Il fondera ensuite avec des associés le premier bureau d’actuaire-conseil à Montréal qu’il quittera pour aider à mettre sur pied la Caisse de dépôt.

«Au début des années 60, l’idée avait été lancée, mais on ne disposait pas de fonds. J’ai proposé au premier ministre de l’époque, Jean Lesage, de créer un régime de rentes pour les travailleurs. L’argent accumulé pourrait être placé par la Caisse de dépôt et ça permettrait de la démarrer», raconte M. Castonguay.

Plus tard, il est désigné par un premier ministre Daniel Johnson débordé par l’organisation d’Expo 67 pour présider la commission Castonguay-Nepveu sur la santé. Les demandes étaient alors nombreuses pour ouvrir des hôpitaux et rendre plus accessibles les services à l’ensemble de la population.

Tel qu’il l’avait promis à sa famille, il n’a fait qu’un seul mandat en politique. Il a occupé successivement les postes de ministre de la Santé et des Affaires sociales. Il devient ensuite président de la Banque Laurentienne avant d’être nommé sénateur en 1990 pour rapatrier la constitution avec l’accord du Lac Meech.

Vers un meilleur Québec
«Il en reste beaucoup à faire au Québec, mais quand on regarde d’où on est parti, on a fait énormément de progrès. Il ne faut pas perdre confiance», explique le grand-père de cinq petits-enfants.

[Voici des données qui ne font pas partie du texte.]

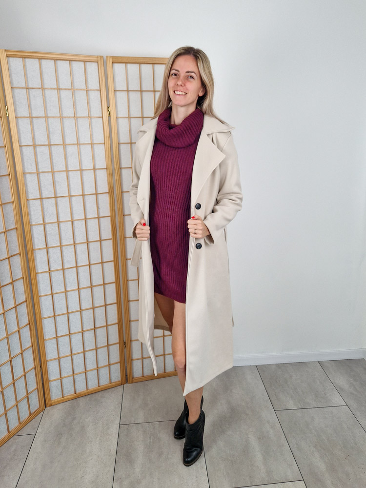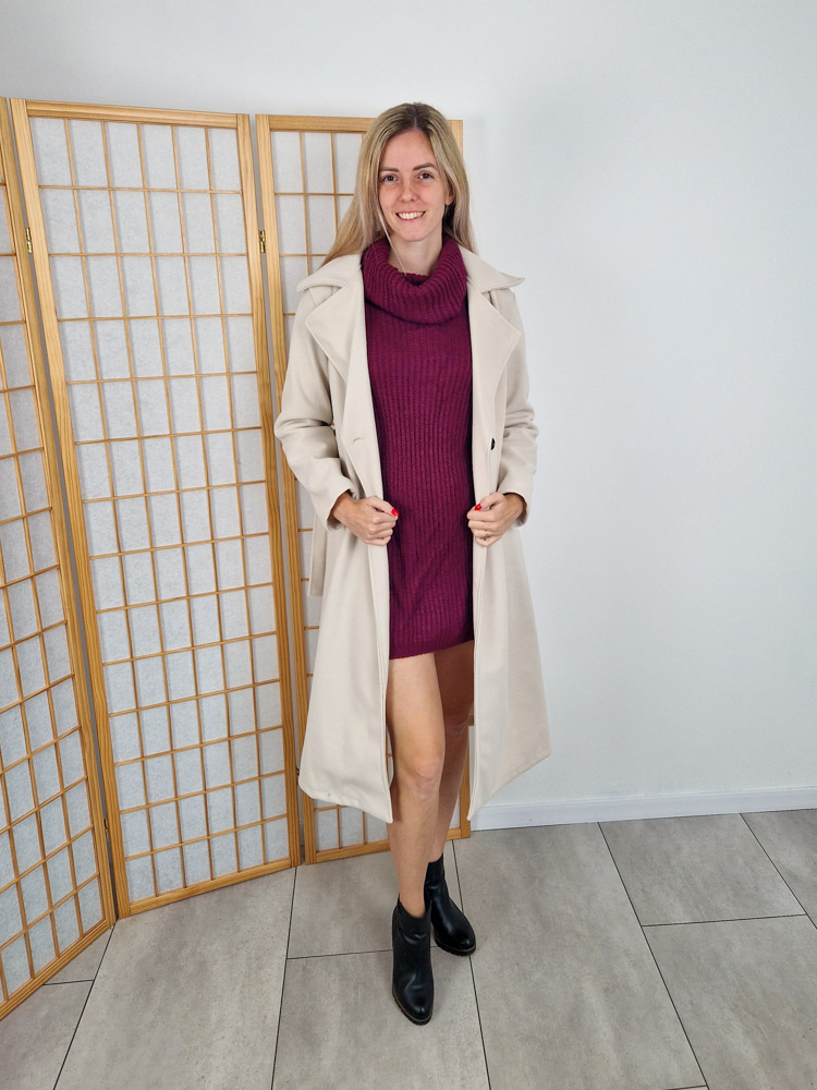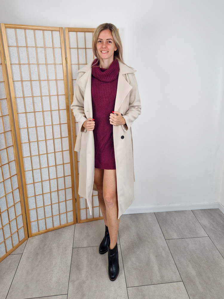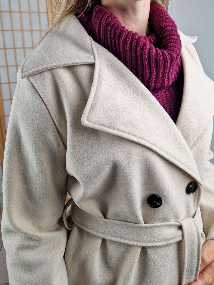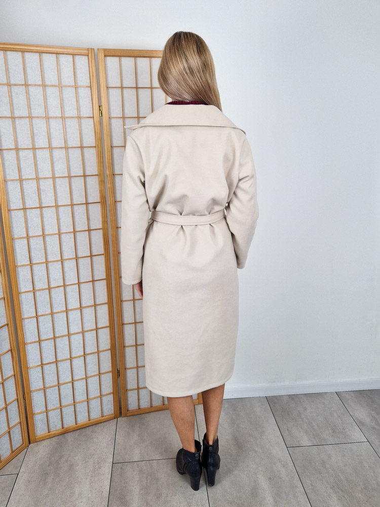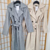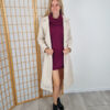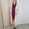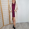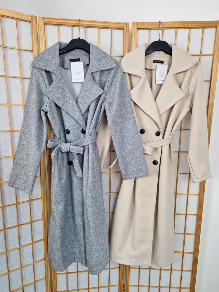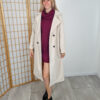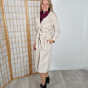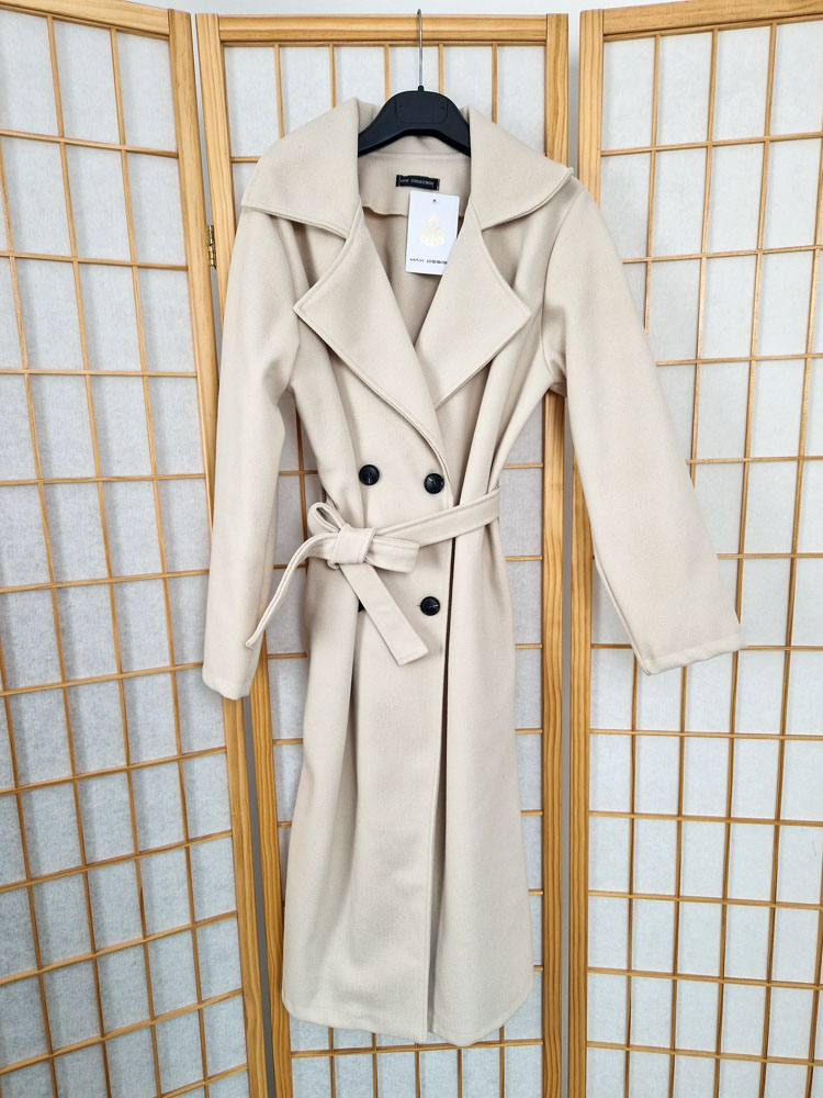 Bézs dupla gombsoros átmeneti hosszú szövetkabát
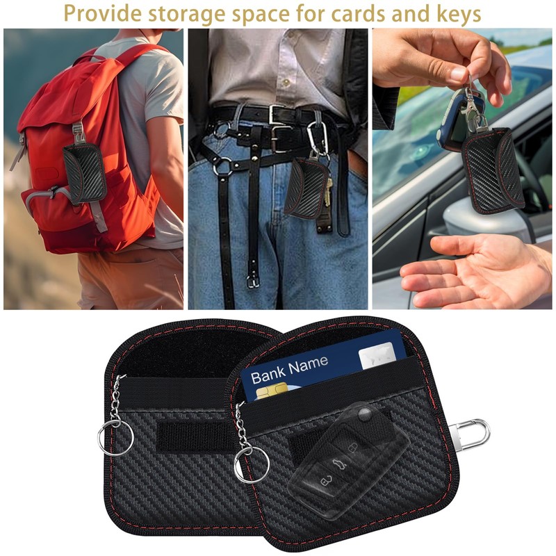 • Portable design: the internal key ring of the Faraday bag for remote key can be easily paired with the car key. The external hook allows the bag to be attached to trousers or bags without falling off.
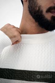 Maglione Uomo Elegante Bianco con Fascia a Contrasto – Stile Italiano Moderno – Slim Fit Casual Chic
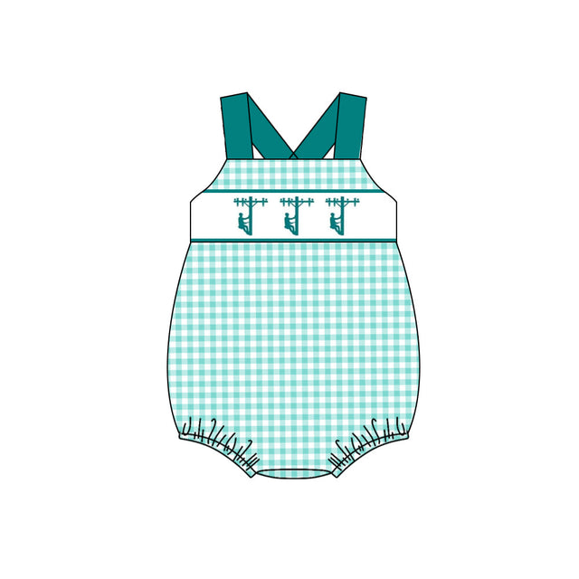 Straps plaid lineman baby boy summer romper - 0-3M is backordered and will ship as soon as it is back in stock.

À 87 ans, il écrit toujours des chroniques dans La Presse. Il croit que l’avenir de sa nation passe par la valorisation de l’éducation et de la jeunesse.

«Les jeunes ont un rôle important à jouer dans l’évolution. Je donne encore des conférences dans les universités et je suis toujours impressionné par ceux que je rencontre. Ils sont rendus partout, ils voyagent, c’est très sain.»

Malgré ses critiques, Claude Castonguay croit que sa carte-soleil, ou comme on l’appelait à l’époque sa «castonguette», a encore sa place tout comme le modèle de soins universel.